A lot of guys use Evernote to clip and save recipes or save to a Favorites file on IE9 or Bookmark file in Google Chrome...JJ


----------



## biteme7951 (Sep 28, 2012)

When I see a recipe I want to try I copy the text and paste it into a word document and print it out with any additional information I want to add. Then they go into sheet protectors and then to atabbed binder notebook.  I just pull out the one I'm working on and it stays clean for the next time.

Barry.


----------



## smokinhusker (Sep 28, 2012)

I have Microsoft One Note and set up each category, then copy and paste into it. It also provides a link to wherever I copied it from. Works great for me and it's always accessible.


----------



## scarbelly (Sep 28, 2012)

I too am an Evernote user - Free program and it works great


----------



## sqwib (Sep 28, 2012)

I used to copy to desktop then I would leave it at work and not have it at home, then I started saving it as a google doc, but that got cumbersome, use evernote for lists and such.

I would suggest a free google website to put all your stuff on, much easier to sort and categorize.

I f I see a recipe I will copy paste to my "Test Kitchen" area of my website.

Many of my posts here are on my website as well in some form.

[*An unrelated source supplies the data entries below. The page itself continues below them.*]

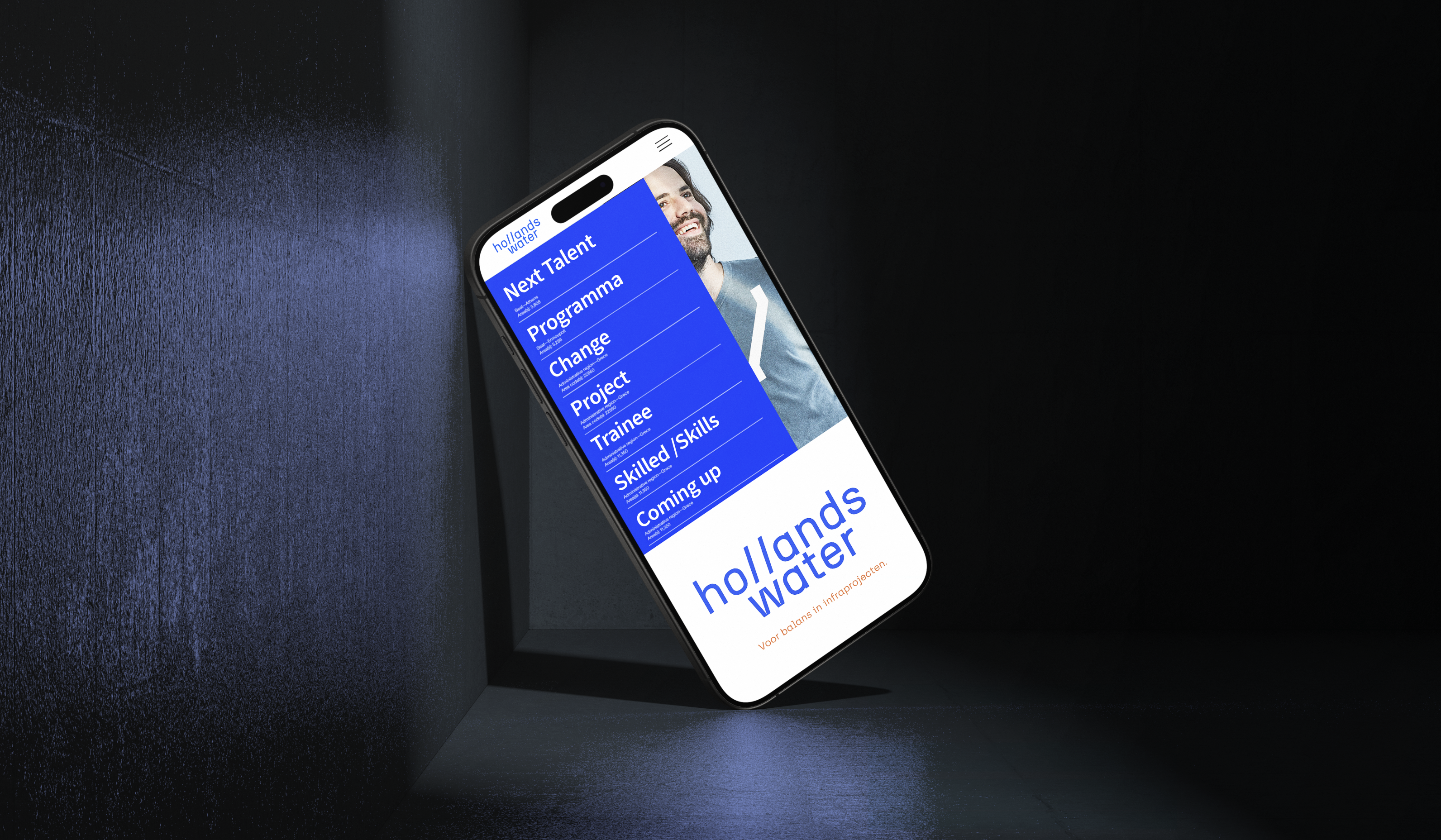 Pan Branding mocht niet alleen de positionering, brand story en visuele identiteit ontwikkelen, concept voor onboarding-traject, maar ook de naam zelf. Een naam met een gelaagde betekenis, die direct refereert aan de essentie van hun werk: de verbinding in onze Nederlandse waterprojecten. De naam ‘Hollandswater’ roept direct associaties op met waterbeheer, een cruciaal aspect van infrastructuurprojecten.
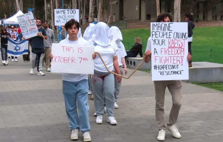 5 月 15 日,加州大学圣地亚哥分校(UCSD)的犹太学生举行示威,谴责哈马斯在去年 10 月 7 日对以色列妇女和女童犯下的暴行。
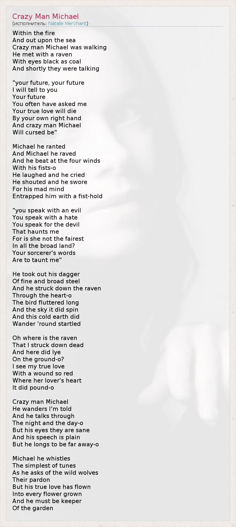 А как ты думаешь, о чем песня "Crazy Man Michael" ?
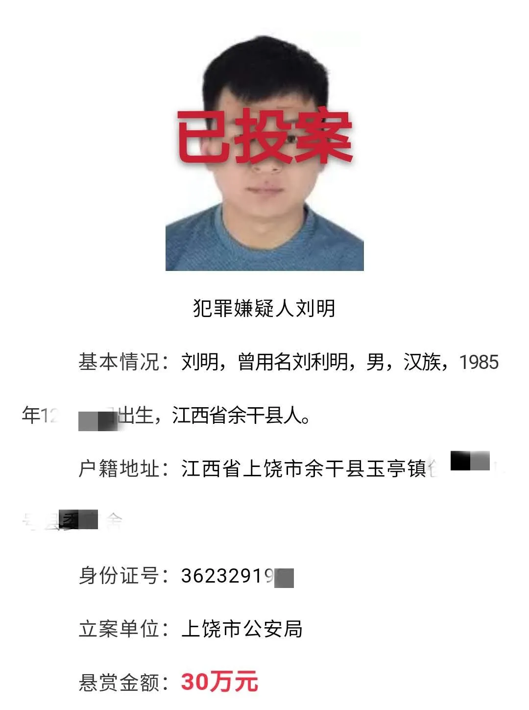 据江西省余干县公安局消息,10月3日,迫于公安机关强大的追捕压力和政策的感召,涉黑网上逃犯刘明到余干县公安局投案自首。目前,犯罪嫌疑人刘明已被警方依法刑事拘留,案件正在进一步侦办中。
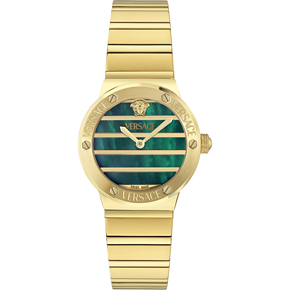 Versace GRECA LOGO PEARL 33мм/женские часы/кварцевые/перламутрово-зеленый циферблат/стальной браслет /30м/Сапфировое антибликовое стекло/Золотистый стальной корпус Швейцария VE0S00425 Гарантия: 2 года
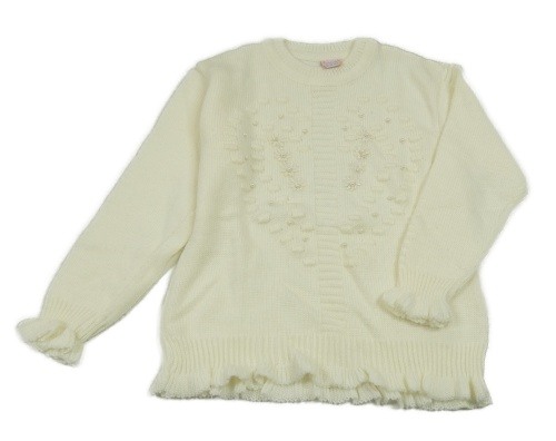 Smetanový pletený svetr se srdíčkem a květy a perlami a volánky
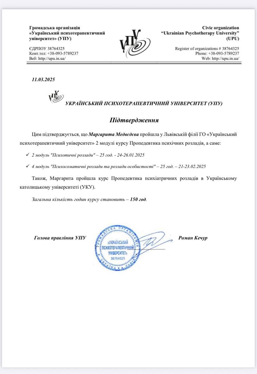2025 — Курс «Пропедевтика психічних розладів», ГО «Український психотерапевтичний університет»
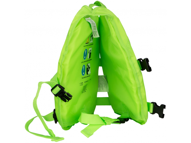 100 % putu pildīšana, regulējama peld veste, ātras darbības drošības sprādzes, regulējama pp drošības josta starp kājām ar drošu ātri atveramu drošības sprādzi, peldspējas vērtība 46,3 n, poliesteris ar polietilēna pildījumu, ce apstiprināts saskaņā ar en 13138 -1 : 2014

If I'm working on a recipe I pull it up on my phone from the website, works for me.


----------



## bob1961 (Sep 28, 2012)

i use the subscribe thread button to hold the thread that has what i need if i don't do the copy/paste thingy right away........bob

....


----------



## jimf (Sep 28, 2012)

I copy recipes to a Google Doc.  Organized into folders by meat type.  that way I have access to the files at work (where I browse this site most), at home in my kitchen, in my backyard, and while in the grocery store.

I have 131 pages so far (i printed a copy of the docs to give as a gift)


----------



## jrod62 (Sep 28, 2012)

love Evernotes !!!!!

www.*evernote*.com/


----------



## roller (Sep 28, 2012)

I`m with you brother...I got them every where but I think that I am going to take the time and learn the evernote !


----------



## highlife (Sep 28, 2012)

I highly recommend Instapaper. Works a treat for my recipe "rip and runs". 


Sent from my iPhone using Tapatalk


----------



## linguica (Sep 28, 2012)

Thanks to ALL. I will try those things that might work on an old laptop running Windows XP. I don't have a smartphone or U pad things. Again Thanks...........Paul


----------



## diggingdogfarm (Sep 28, 2012)

I use NixNote, an Evernote clone for Linux.


~Martin


----------